Did I need an angiogram?
Did I adequately assess the patient’s coagulation potential?
Did I need to exclude a venous thrombosis?
Did I know about any previous operations, scars, or irradiation?
Were the type, size, and positioning of the flap properly planned?
Recipient vessels/anastomosis
Were there atherosclerotic changes?
Was there poor arterial outflow suggesting a proximal problem?
Did I need to perform the Fogarty maneuver on the artery?
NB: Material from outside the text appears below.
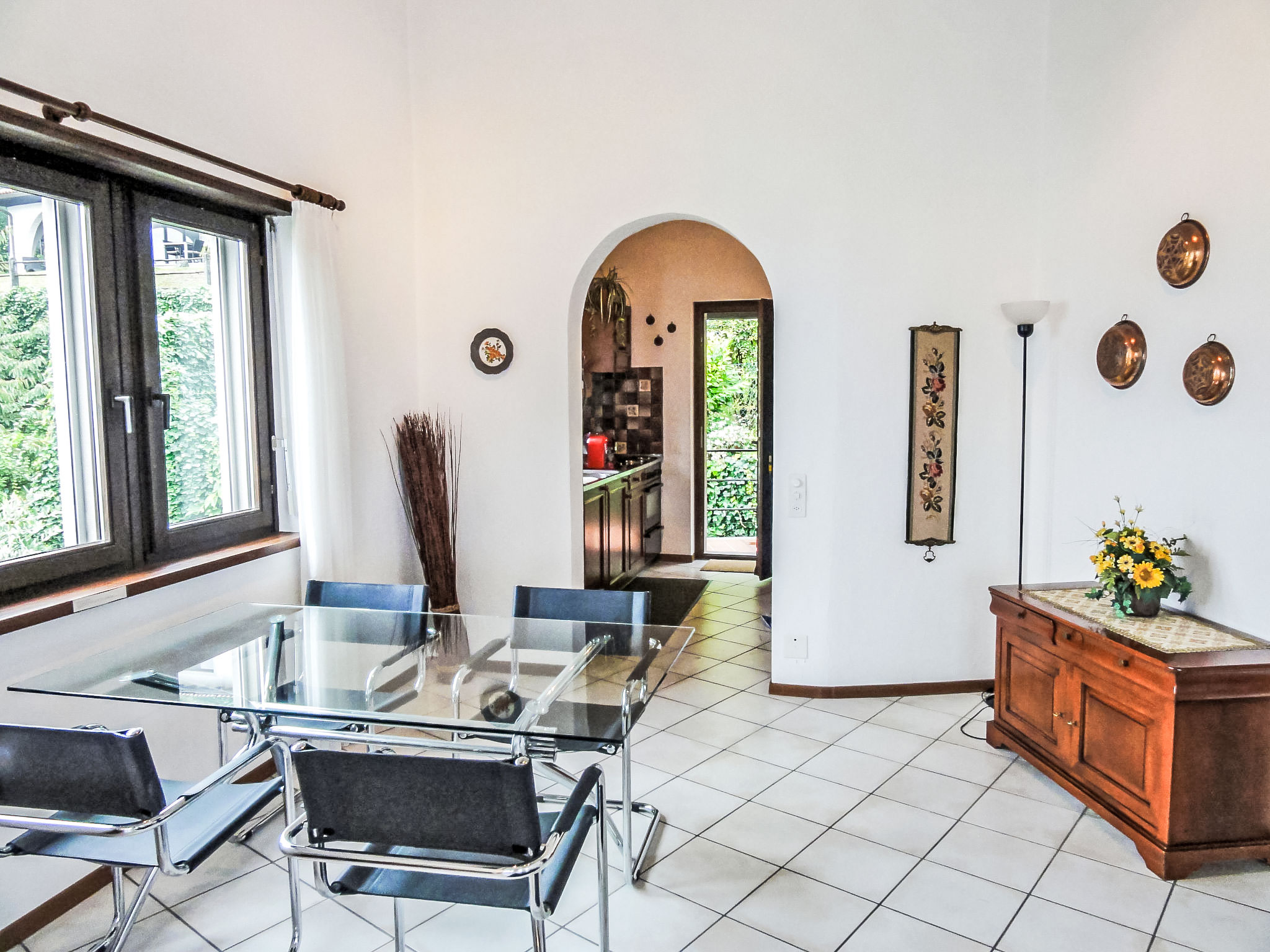 Piazzogna 19 km from Ascona: Modern, comfortable residence "Miralago", surrounded by trees and meadows. 4 houses in the residence. 39 apartments in the residence. Above Vira (3 km), in the district Gambarogno, in a quiet, sunny, elevated position on a slope, along the wooded area, 3 km from the lake, in a cul-de-sac, south-east facing position. For shared use: lawn for sunbathing, swimming pool angular heated (depth 170 - 170 cm, seasonal availability: 15.Apr. - 15.Oct.) with internal staircase and shutter cover. Outdoor shower, terrace, garden furniture. In the complex: reception, lounge, central heating system, washing machine (for shared use, extra). Motor access to the house the grounds. Parking. Grocery, restaurant 300 m, bus stop 50 m. Minigolf 4.5 km, walking paths from the house 100 m. Nearby attractions: Parco Botanico, Piazzogna 300 m, Mercato Luino IT, Mercato Ponte Tresa IT, Bellinzona Unesco-Mercato, Swissminiature, Melide, Schokomuseum, Caslano. Well-known lakes can easily be reached: Lago Maggiore, Lago di Lugano, Lago di Como, Lago Orta. Hiking paths: Gambarogno, Indemini, Monte Tamaro und Splash and SPA, Rivera, Locarno - Ascona Cardada. The 4 typical Ticino houses offer a magnificent panoramic view of the lake. 1 parking space per apartment is included in the price, each additional space is CHF 35/week.

Was it necessary to go more proximal using an interpositional graft to avoid the zone of injury?
Did I injure the vessel during preparation?
Was I satisfied with my technical performance during the anastomosis? Did I see every stitch?
Was it possible to improve the exposure of the vessels during anastomosis?
Was end-to-end or end-to-side anastomosis the best option?
Was there any tension or kinking of the vessels?
Did I irrigate with heparin?
Was there any vasospasm?
Should I have used papaverine or Xylocaine?
Was the room/patient warm enough?
Was the patient’s blood pressure adequate?
Were there any external constricting fascial bands or muscles compressing the vessels?
Coagulation/thrombosis
Was the operation performed in the acute posttraumatic period?
Was I satisfied with the coagulation of bleeding points?
Was there any thrombosis?
Intraoperative positioning
Were the exposure and approach to the vessels optimal?
Was it possible to operate in two teams and thus shorten the operating time?
Was it possible to improve the positioning of the surgeon during anastomosis?
Postoperative care
Was the patient hypovolemic, hypotonic, or hypothermic?
Was patient/flap positioning appropriate?
Was there any pressure on the proximal extremity/vessels?
Would it have been preferable to use an external fixator?
Was there pressure on the flap’s pedicle?
Were the flap’s perfusion and positioning adequately monitored (hourly)?
Would it have been preferable to use a Cook Doppler probe or a similar device?
Was the anticoagulation therapy adequate? Would full heparinization have helped?
Were there problems with patient compliance?
Revision
Was the thrombosis recognized early enough?
Was the revision performed immediately?
Would a different revision strategy have been preferable?
Surgeon
Would referral to another surgeon be appropriate?